Aprovechando la discusión, el marinero empujó a Alaya y se incorporó con rapidez. Corrió en pos de sus compañeros, pidiendo socorro.

—¡Mira lo que has hecho! Por tu culpa se ha escapado —dijo Alaya. Se dispuso a ir en persecución del evadido.

—¡Olvida a esos humanos! —gritó Kith-Kanan—. Mackeli es más importante. Tendremos que dar alcance al otro grupo antes de que llegue a la costa. —Alaya se encerró en un hosco mutismo—. ¡Escúchame! Vamos a necesitar todas tus habilidades. Llama a los corves, a los Furtivos Nocturnos, a todos. Haz que encuentren a los humanos y que intenten retrasarlos el tiempo suficiente para que podamos alcanzarlos.

La elfa lo apartó de un empellón y se alejó unos pasos. La enorme hoguera se estaba consumiendo y el claro talado en la espesura empezaba a sumirse en la oscuridad. De vez en cuando, un buey mugía en el improvisado corral.

Alaya se acercó a los árboles talados. Posó la mano con suavidad en el tronco de un gran roble.
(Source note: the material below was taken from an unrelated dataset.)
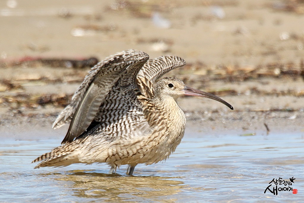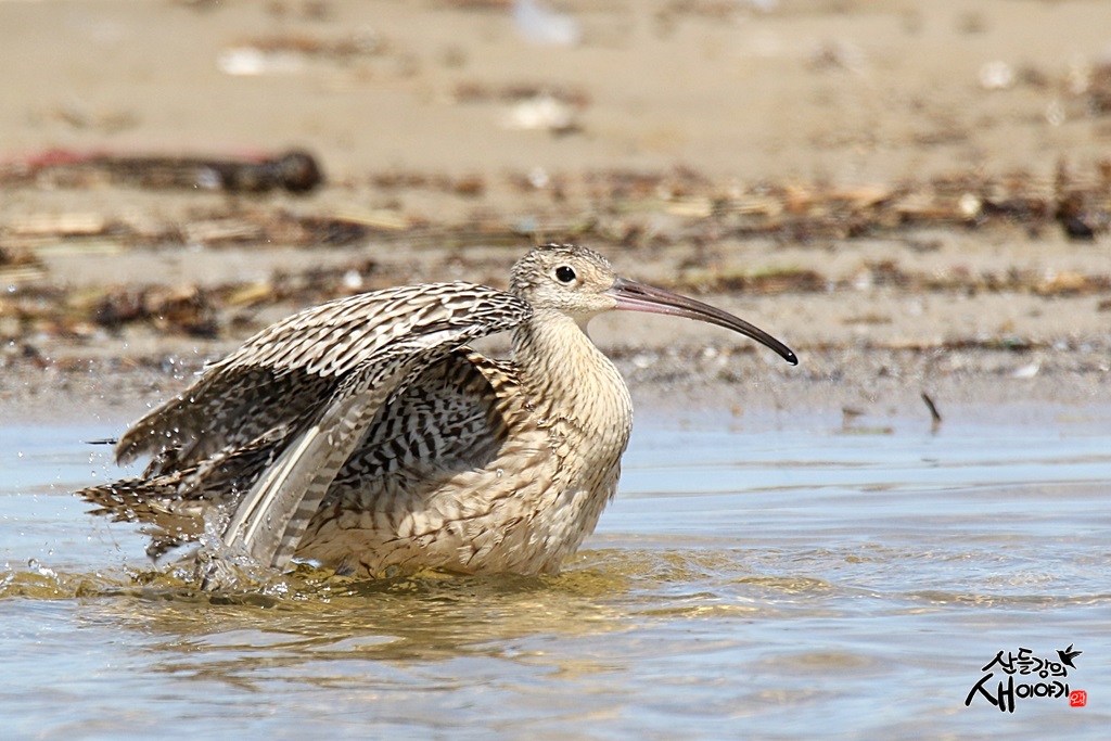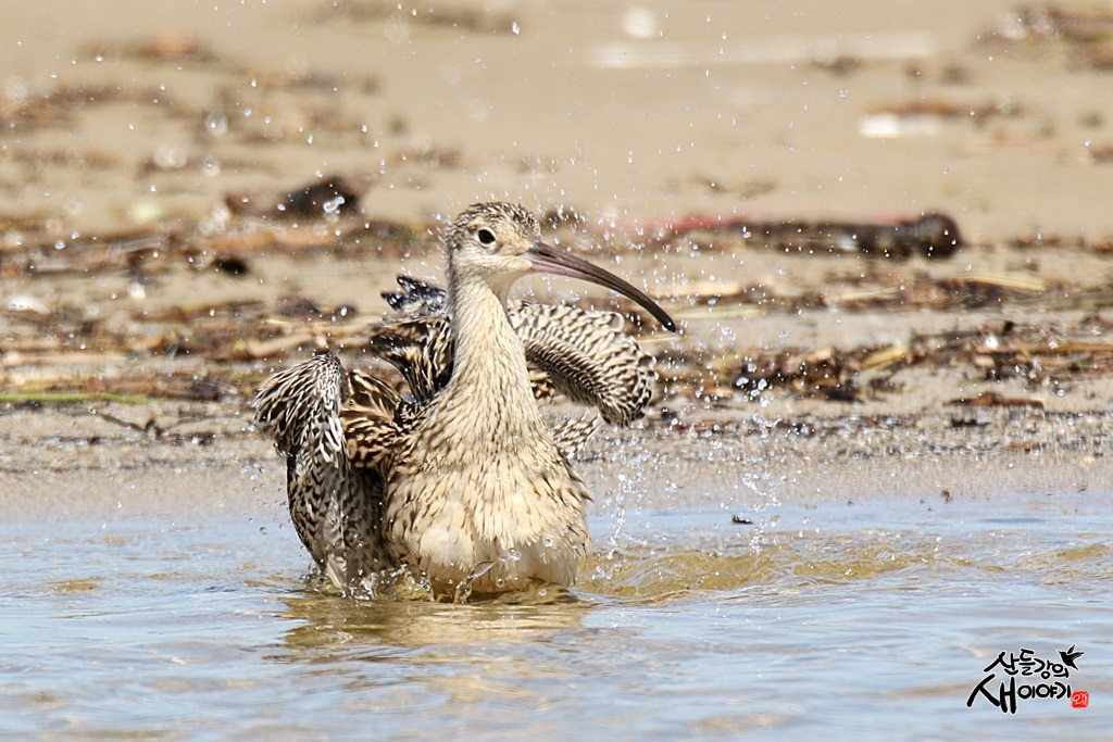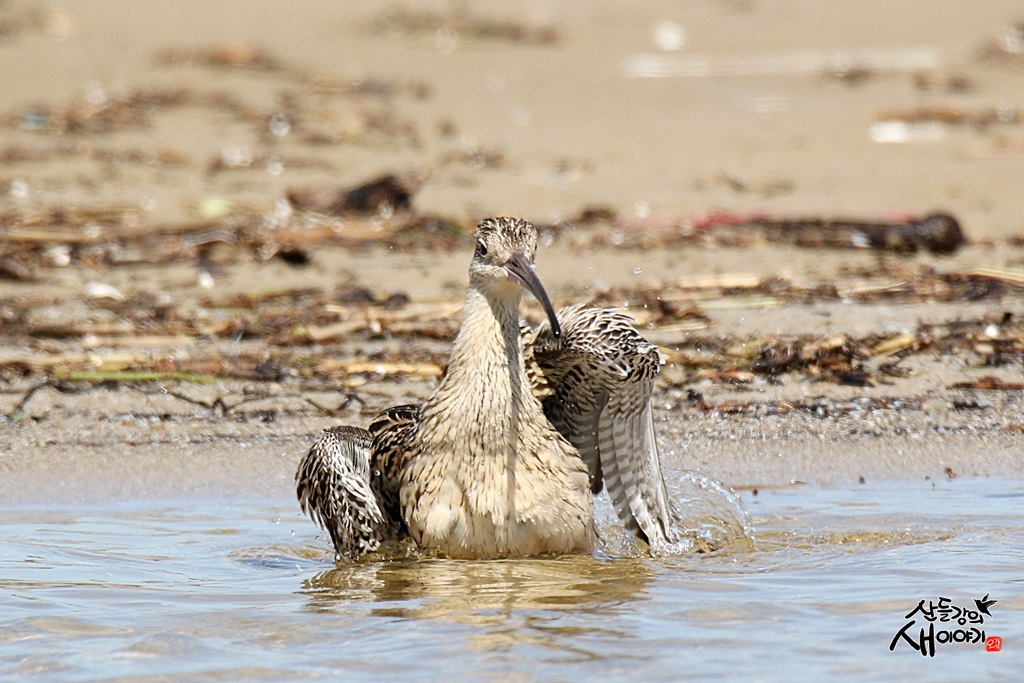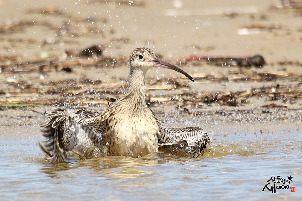 2022.9.8. 경상북도 포항시의 동해안 바닷가 작은 개울에서 탐조하던 중 만난 알락꼬리마도요의 목욕장면입니다.

—¿Por qué lo hacen? —preguntó afligida—. ¿Por qué cortan los árboles? ¿Es que no oyen desgarrarse la urdimbre del bosque cada vez que se desploma un árbol? —Las lágrimas brillaban en sus ojos—. Hay espíritus en la espesura, espíritus en los árboles. Los han matado con su metal. —Sus angustiados ojos se alzaron hacia el príncipe.

—Hay mucho que hacer. Debemos irnos. —Kith-Kanan puso una mano sobre su hombro.

Alaya inhaló con un estremecimiento. Tras acariciar suavemente el tronco una vez más, se incorporó y empezó a recoger las piedras que utilizaba como proyectiles.